Suasananya sama seperti sebelumnya, kecuali tempat dia melakukan percobaan dan tempat mayat itu berada sekarang kosong.
[Kurasa tidak ada apa-apa?]
“….”
[Apa yang sedang kamu lakukan? Sepertinya tidak ada apa-apa…]
“Tunggu sebentar.”
Aku mengeluarkan benda yang tadi menggeliat di lenganku.
[eh? [Itu
adalah…] inti penghisap darah.
Awalnya, orang mungkin mengira tidak ada apa-apa, tetapi ini sedang bereaksi.
Saya mengikuti reaksi itu. Ada sebuah lorong di sana yang saya kira hanya celah kecil. Jalan yang sangat sempit dan berkelok-kelok itu begitu sempit sehingga saya hampir tidak bisa memasukkan seluruh tubuh saya ke dalamnya.
[Eh? Apakah ini caranya?]
Pikiran Yongyong adalah pikiranku.
Tempat ini, yang kupikir hanya celah kecil, ternyata sangat sulit ditemukan dan aku serta Yongyong tidak bisa menemukannya kecuali jika aku benar-benar memperhatikannya.

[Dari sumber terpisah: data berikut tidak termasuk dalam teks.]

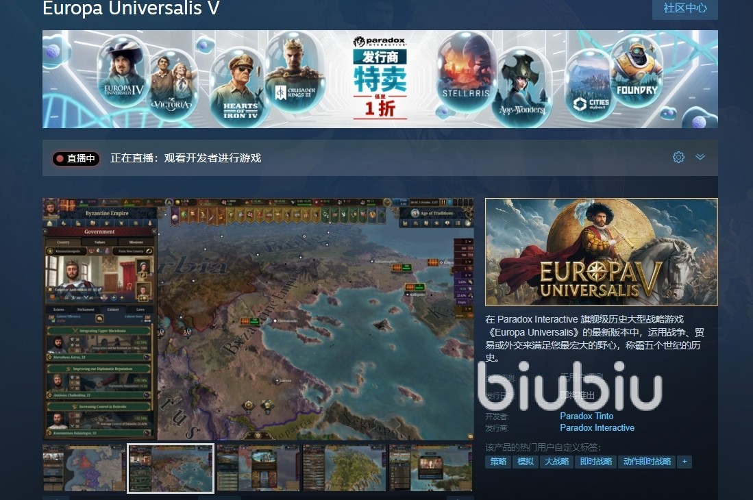 该游戏在steam平台的正式名称是Europa Universalis V,玩家可以搜索Europa Universalis来找到这一系列的作品。游戏本体和扩展包通常会定期打折,玩家可以在促销期间以更优惠的价格入手。

Apa yang menjadi pemikiran di balik pembuatan ruang ini?
Aku mencoba menebak apa yang dimaksudkan oleh pertapa bijak itu dalam pikiranku, tetapi tidak mudah untuk menebak pikiran seseorang yang tergila-gila dengan eksperimen.
Setelah berjalan sekitar 10 menit, akhirnya tujuan sudah terlihat.
Di ruangan seukuran ruang kelas, berdiri sesosok figur dengan tubuh tembus pandang.
[Manusia? Bukan, ini…!]
Yongyong tercengang.
[Shinsu!]
Ini mungkin pertama kalinya saya melihat Yongyong, tetapi dia adalah wajah yang pernah saya temui di dunia imajinasi.
Pria itu menoleh ke arahku dan tersenyum lebar padaku.
“….”
Penilaianku mulai terdistorsi ketika aku melihatnya tampak nyaman berada di dunia sendirian.